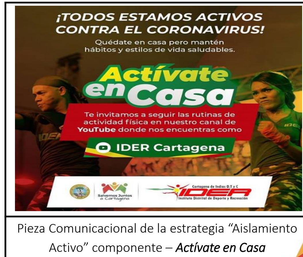
Pieza Comunicacional de la estrategia “Aislamiento Activo” componente – Actívate en Casa

Dada la emergencia sanitaria, se creó la estrategia “Aislamiento activo” y su componente “ACTÍVATE EN CASA” con el propósito de articular desde la comunicación y plataformas digitales, diferentes actividades desarrolladas por las áreas de deporte, recreación y las demás del Instituto.
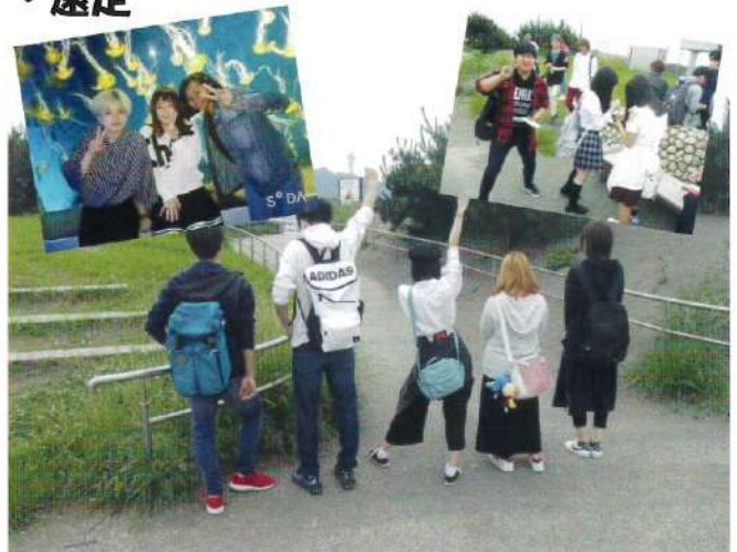
[江の島 (1年生)] 年によって変わります
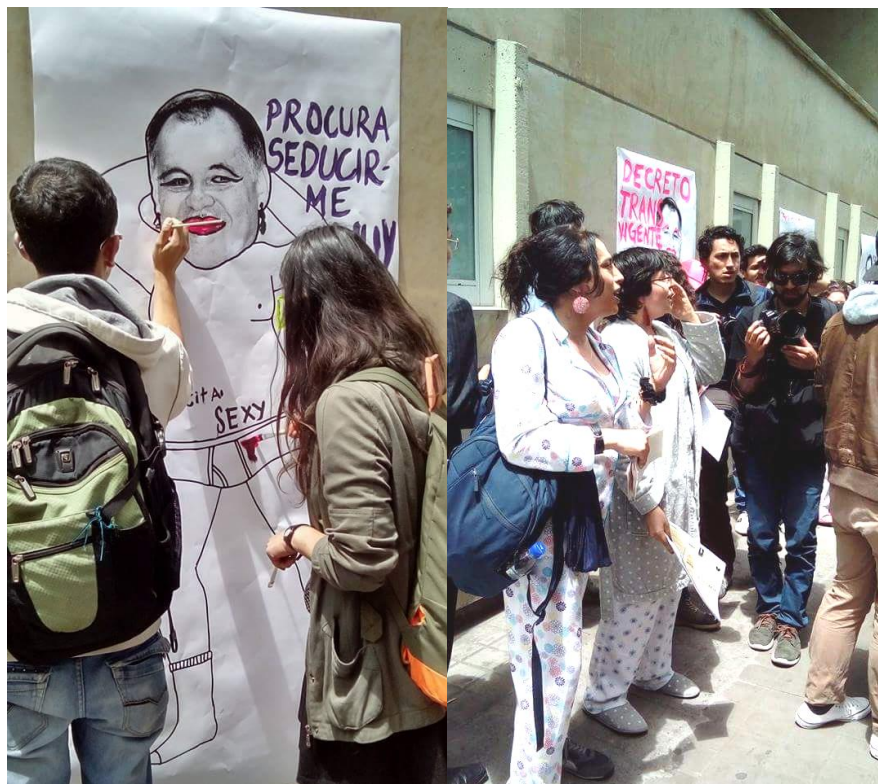
Imagen 5: Plantón contra procurador para evitar que revocara el decreto 1227

A partir de lo anterior, en el 2018 el GAAT junto con FONADE y la Superintendencia de notariado hizo parte de un proyecto de cedulación en Bogotá y Cali. Este contaba con ofrecer servicios de asesoría, financiación y revisión del proceso para lograr la cedulación de alrededor de 200 personas trans que no habían tenido la oportunidad de hacerlo. El objetivo principal era ayudar no solo a facilitar la documentación con el nombre y el sexo correctos en este documento, sino garantizar el cumplimiento del Decreto 1227 a un gran número de personas, facilitar el cumplimiento de sus derechos sin que la cédula se convirtiera en una barrera de discriminación.
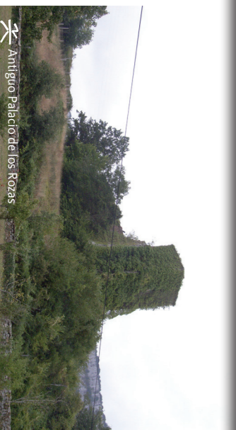
Antiguo Palacio de los Rozas

Además, la población se encuentra rodeada por una gran muralla que fue construida con fines militares. De hecho, dicha muralla es uno de los monumentos más importantes del legado histórico de la localidad. La Casa Palacio de los Porras, construida a finales del siglo XV, y la iglesia de San Pelayo se suman a los monumentos más destacados de la zona.

───

### PROBLEM
Every record above must be given again exactly; drop the pictures.

### TASK RESPONSE
Pieza Comunicacional de la estrategia “Aislamiento Activo” componente – Actívate en Casa

Dada la emergencia sanitaria, se creó la estrategia “Aislamiento activo” y su componente “ACTÍVATE EN CASA” con el propósito de articular desde la comunicación y plataformas digitales, diferentes actividades desarrolladas por las áreas de deporte, recreación y las demás del Instituto.
[江の島 (1年生)] 年によって変わります
Imagen 5: Plantón contra procurador para evitar que revocara el decreto 1227

A partir de lo anterior, en el 2018 el GAAT junto con FONADE y la Superintendencia de notariado hizo parte de un proyecto de cedulación en Bogotá y Cali. Este contaba con ofrecer servicios de asesoría, financiación y revisión del proceso para lograr la cedulación de alrededor de 200 personas trans que no habían tenido la oportunidad de hacerlo. El objetivo principal era ayudar no solo a facilitar la documentación con el nombre y el sexo correctos en este documento, sino garantizar el cumplimiento del Decreto 1227 a un gran número de personas, facilitar el cumplimiento de sus derechos sin que la cédula se convirtiera en una barrera de discriminación.
Antiguo Palacio de los Rozas

Además, la población se encuentra rodeada por una gran muralla que fue construida con fines militares. De hecho, dicha muralla es uno de los monumentos más importantes del legado histórico de la localidad. La Casa Palacio de los Porras, construida a finales del siglo XV, y la iglesia de San Pelayo se suman a los monumentos más destacados de la zona.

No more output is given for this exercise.